Given material |
-- Opening Marker --

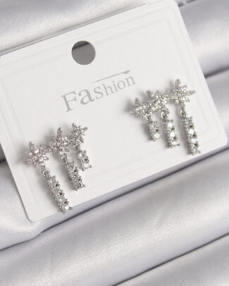 Pirinç Gümüş Renk Zirkon Taşlı 3’Lü Sallantı Yıldız Model Kadın Küpe
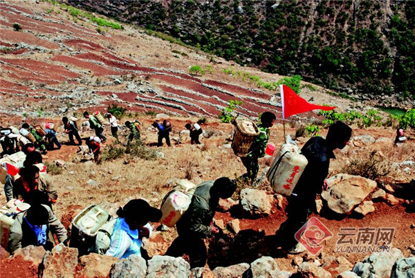 剛下村的第一天,熊成富就動員大家:“我們?nèi)彼荒苋本瘢?,到山腳下的牛欄江背水來吃?!彼称疣l(xiāng)上發(fā)的抗旱水桶,帶領群眾開始了艱辛的背水路。岔河小組143人中,有部分老弱病殘、鰥寡孤獨老人,飲水極度困難。熊成富帶領村組干部,建立“包保責任制”,親自包戶,每3天給老人送50斤水,確保老人有水喝。
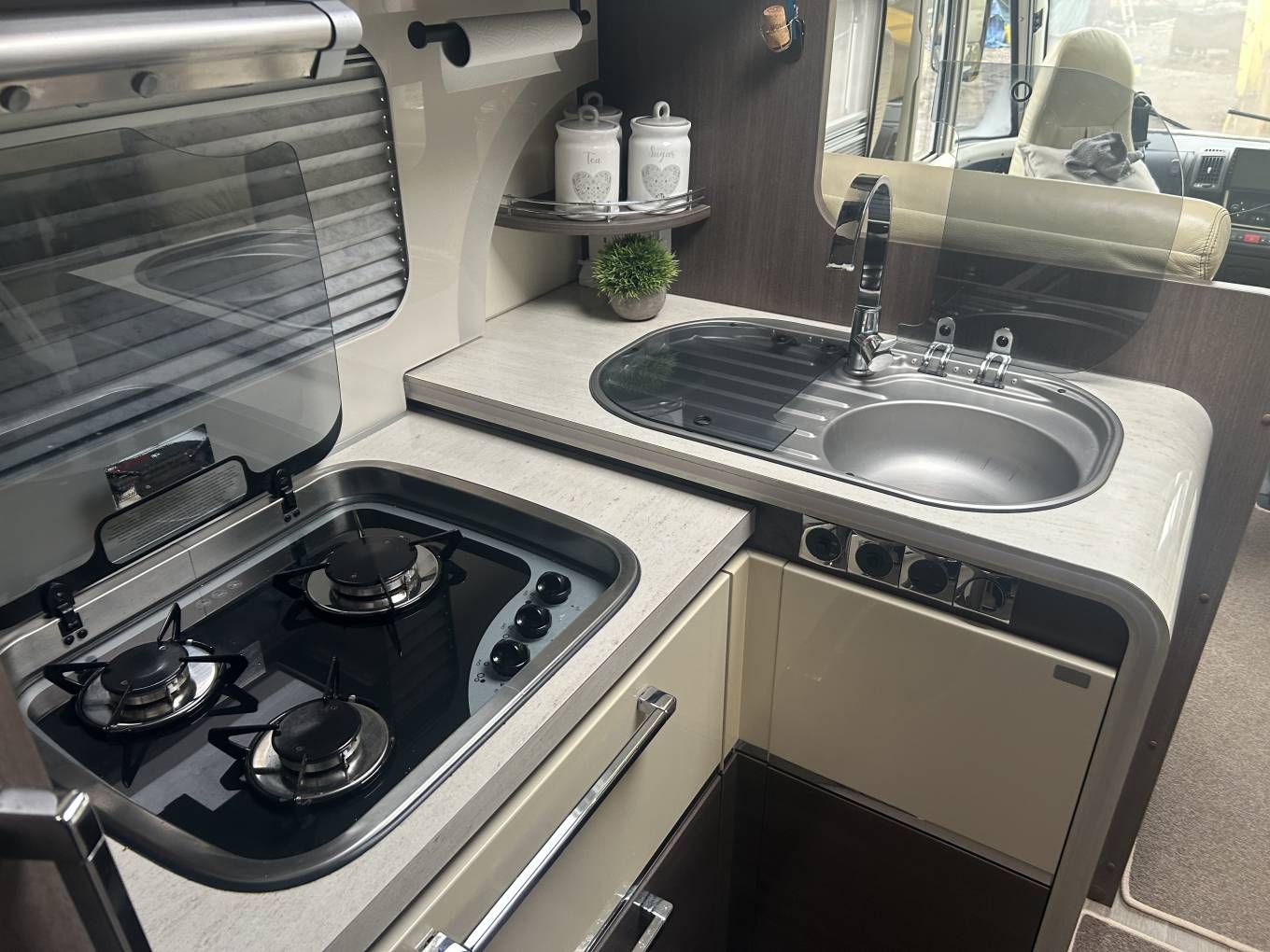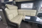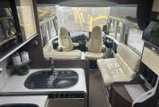 As mentioned, this Grand Panorama has an excellent layout and is a wonderful motorhome that provides all the home comforts you could wish for. At the front you have a spacious lounge area that is made up from the two Captains Chairs, an L-shaped sofa and a further small double seat that makes a great place to sit and relax. The amazing front windscreen gives you wonderful views and lets so much natural light in. The current owners have replaced the original table with a smaller coffee style table - but do have the original which can easily be put back. Moving back the motorhome has a well equipped kitchen, This comes with a gas hob with 3 burners, microwave oven, sink with mixer tap, lots of cupboard and storage space and a fridge with separate freezer operating off 240 mains and 12 volt.

-- Closing Marker --

What is needed | Exactly repeat the material from its first line through the line with "剛下村的第一天,熊成富就動員", including both, and leave the pictures and everything else out.

Task output |
 Pirinç Gümüş Renk Zirkon Taşlı 3’Lü Sallantı Yıldız Model Kadın Küpe
 剛下村的第一天,熊成富就動員大家:“我們?nèi)彼荒苋本瘢?,到山腳下的牛欄江背水來吃?!彼称疣l(xiāng)上發(fā)的抗旱水桶,帶領群眾開始了艱辛的背水路。岔河小組143人中,有部分老弱病殘、鰥寡孤獨老人,飲水極度困難。熊成富帶領村組干部,建立“包保責任制”,親自包戶,每3天給老人送50斤水,確保老人有水喝。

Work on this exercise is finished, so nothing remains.